From The New York Times:

It’s been said — by Bakewell, with reservations, and others — that Montaigne was the first blogger. His favorite subject, as he often remarked, was himself (“I would rather be an expert on me than on Cicero”), and he meant to leave nothing out (“I am loath even to have thoughts which I cannot publish”). Some of his critics accused him of, in effect, oversharing, in the manner of a narcissistic Facebook status update. One was appalled that he should think it worthwhile to tell his readers which sort of wine he preferred. Montaigne also happened to mention that his penis was small. Two 17th-century theologians who were instrumental in getting his “Essais” placed on the Vatican’s index of prohibited books, where it stayed from 1676 to 1854, accused him of “a ridiculous vanity” and of showing too little shame for his vices.

Somewhat like a link-infested blog post, Montaigne’s writing is dripping with quotations, and can sometimes read almost as an anthology. His “links” are mainly classical, most often to Plato, Cicero and Seneca. Modern readers may find all these insertions distracting — there is, as it were, too much to click on — but some may be thankful for a fragmentary yet mostly reliable classical education on the cheap. (Montaigne should not, however, have credited Aristotle with the maxim, “A man . . . should touch his wife prudently and soberly, lest if he caresses her too lasciviously the pleasure should transport her outside the bounds of reason.” The real source of this unromantic advice is unknown.)
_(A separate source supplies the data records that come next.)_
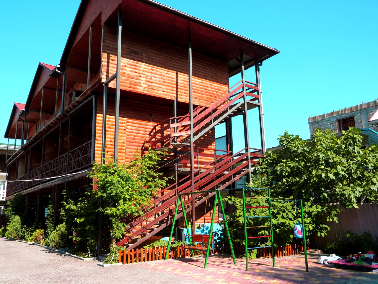 Гостиница построена по экологичной технологии из дерева, и идеально подходит даже для аллергиков.
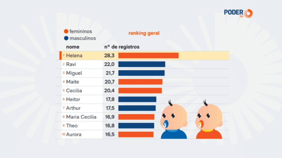 No segmento masculino, Ravi apresentou um aumento significativo, avançando quatro posições em relação a 2024, superando Miguel, que liderou o ranking no ano anterior. O IBGE (Instituto Brasileiro de Geografia e Estatística) revelou que Maria e José são os nomes mais escolhidos entre os brasileiros em novembro.
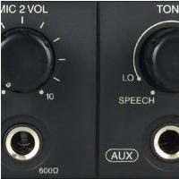 2つのマイク入力アンプには2つのマイクが接続できるようマイク入力が2つ搭載されています。音楽プレーヤーなどの外部機器を接続できるAUX入力端子もございますので、マイク2本にBGMや音源を流しながらのミキシング放送が可能です。
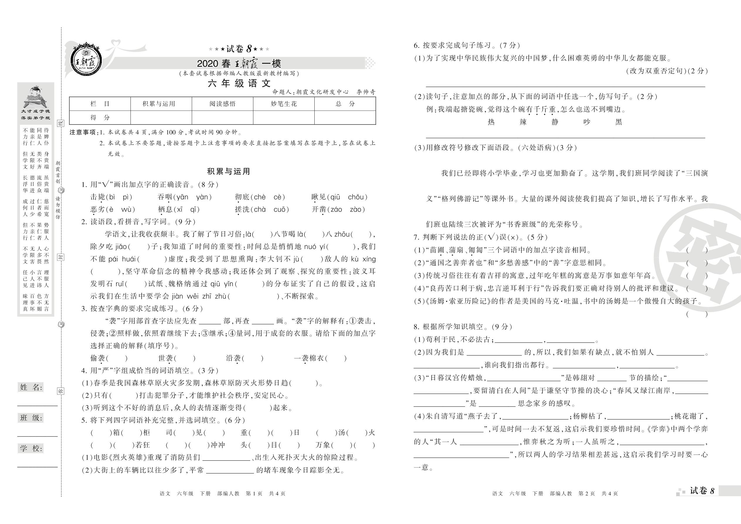 王朝霞期末模拟卷六年级下册语文(人教版)_R21080221359【8】
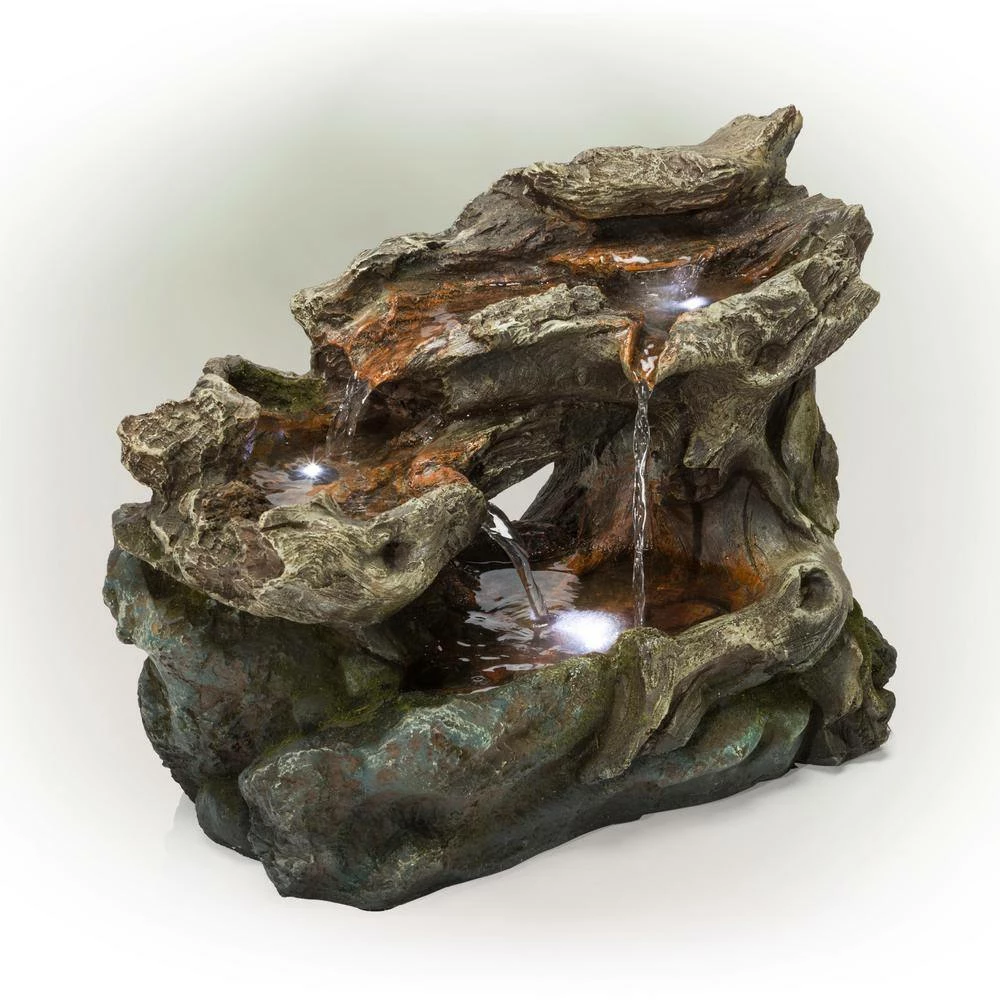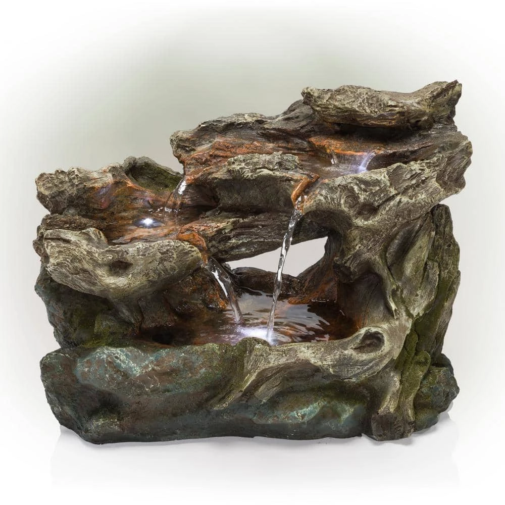 Unplug from the day and meditate to the sound of flowing water with Alpine Corporation’s 10 in. tall Outdoor 3-Tier Waterfall Rock Fountain with LED lights. This modern Zen tabletop style fountain statue provides a tranquil and soothing addition to your porch or patio. Constructed from durable polystone, fiberglass, and plastic, the fountain is weatherproof, rust-resistant, and resilient for use in your home’s interior Decor or outside. This unique and versatile decor piece includes 3 cool white LED lights for a tranquil and soothing addition to your home’s backyard or indoor decor. Replicating a rainforest scene, the fountain has a natural aged stone appearance. Relax to the sounds of the calming natural water flow as it trickles down from the top tier of the fountain into the stone pools below. For quick install and convenient operating, the fountain includes all necessary parts, including a pump, to begin creating an outdoor oasis. This fountain measures 14 in. L x 8 in. W x 10 in. H to fit almost any indoor or outdoor table space and includes a 1-year manufacturer’s warranty from date of purchase.
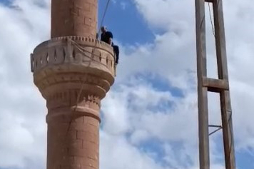 Minarede biri olduğunu gören vatandaşlar, şahsı ikna etmeye çalıştı. Şahıs, vatandaşın ikna çabalarına karşılık vererek bir süre sonra minareden aşağı indi.
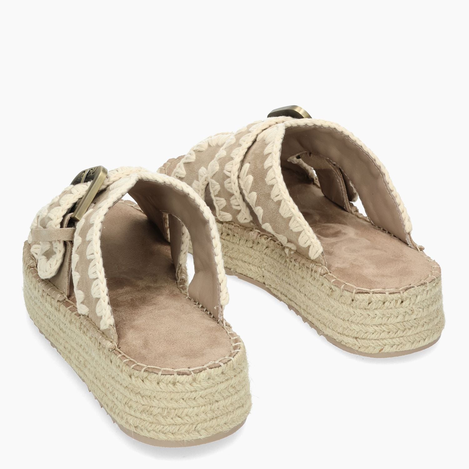 Dove gray suede slipper with ivory crochet embroidery. Brass-plated metal logo buckle. Leather lining with microfiber insole. 4 cm thick braided rubber sole. Mou women's spring/summer collection.

Bakewell, Frampton and Kent all stress that the distinctive mark of Montaigne is his intellectual humility. Like Socrates, Montaigne claims that what he knows best is the fact that he does not know anything much. To undermine common beliefs and attitudes, Montaigne draws on tales of other times and places, on his own observations and on a barrage of arguments in the ancient Pyrrhonian skeptical tradition, which encouraged the suspension of judgment as a middle way between dogmatic assertion and equally dogmatic denial. Montaigne does often state his considered view, but rarely without suggesting, explicitly or otherwise, that maybe he is wrong. In this regard, his writing is far removed from that of the most popular bloggers and columnists, who are usually sure that they are right.